When Morgan died, Glenn took it hard. But telling Nick was harder.

Notes:

Prompt request for Glenn angst in the aftermath of Morgan's death.

This is... rough.

Work Text:

The End and What Came After

                “Hey what’s up? I’m just picking up a few things at the store on the way home. Did you want anything?”

                “Yeah, new pack of smokes.”

                “I mean anything other than the usual, doofus.”

                “Phht, okay. Oh, you know what I’m craving? See if they got those lil dinosaur chicken nuggets. Love those things.”

                “I don’t think they have those at the 711 but I’ll swing by Walmart too I guess. Oh, and make sure Nickie’s not looking at our nudie mags again, I don’t know what that’d do to him but you know, probably not good for a seven year old.”

                “Hey, that was one time! But, uh, fair enough. You won’t be long, right? It’s pretty dark out there for 3pm.”

                “Hey, don’t be stupid, you know I drive better than you, numb nuts.”

                “Alright, but if you die, I’m playing In The End at your funeral.”

                “Oh my God Glenn you know I hate Linkin Park so fucking much.”

                “That’s why I love you, babe. See you at home.”

                “See you at home, babe.”

                Glenn pressed the end call button on his cell phone and wandered into the living room where Nick was laid out on the sofa, staring dead-eyed at some animated robots shooting lasers at each other on the TV screen.

                “Budge up, kid.” Glenn tickled the bottom of Nick’s feet until he grunted, giggled, and pulled them up to his chest so Glenn could sit beside him. He watched the screen for about a minute before picking up the remote. “Hey, how ‘bout we turn on the Disney Channel?”

                “Nooooo,” Nick groaned even as Glenn was changing the channel.

                “You’re seven, you don’t know what’s good, yet,” Glenn gave Nick a reassuring pat on the leg. “Look, they’re playing Emperor’s New Groove! Now this is the good stuff for seven-year-olds.”

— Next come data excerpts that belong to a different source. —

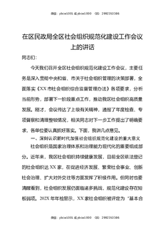 在区民政局全区社会组织规范化建设工作会议上的讲话.docx
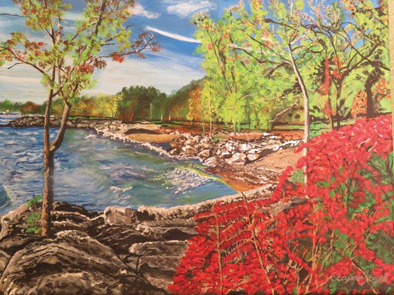 The reference photo for this painting by David Mark, sparked my love for nature images that include water, trees, and flowers. The fact that it’s Lake Ontario is a bonus, as I lived in Toronto (a city on the lake) for 30 years of my life. Original painting. Artist signed in the bottom right corner....
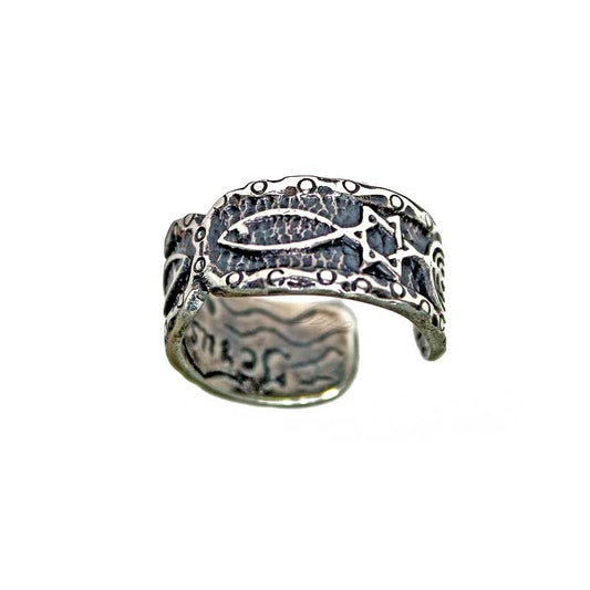 Unique 925 Sterling Silver finger ring from Jerusalem with the mutual Christian and Jewish "Graf...

                Nick sighed dramatically, but returned to the same glassy-eyed stare willingly enough as Pacha and Kuzco fell over a huge waterfall.

                Well, not exactly the reaction Glenn was hoping for, but he figured that Morgan should at least be satisfied they watched something age-appropriate when she got back from the store.

                Though as the sky grew darker, the wind blew hard against the house. And Morgan never did come back.

*

                Glenn had to put Nick to bed alone, his heart growing heavier and heavier every time his calls went to voice-mail. He got the call from the police at nearly midnight. Apparently it took a few hours for the cops to pull her body out of the car, run the plates and then call the number on file to come ID the corpse.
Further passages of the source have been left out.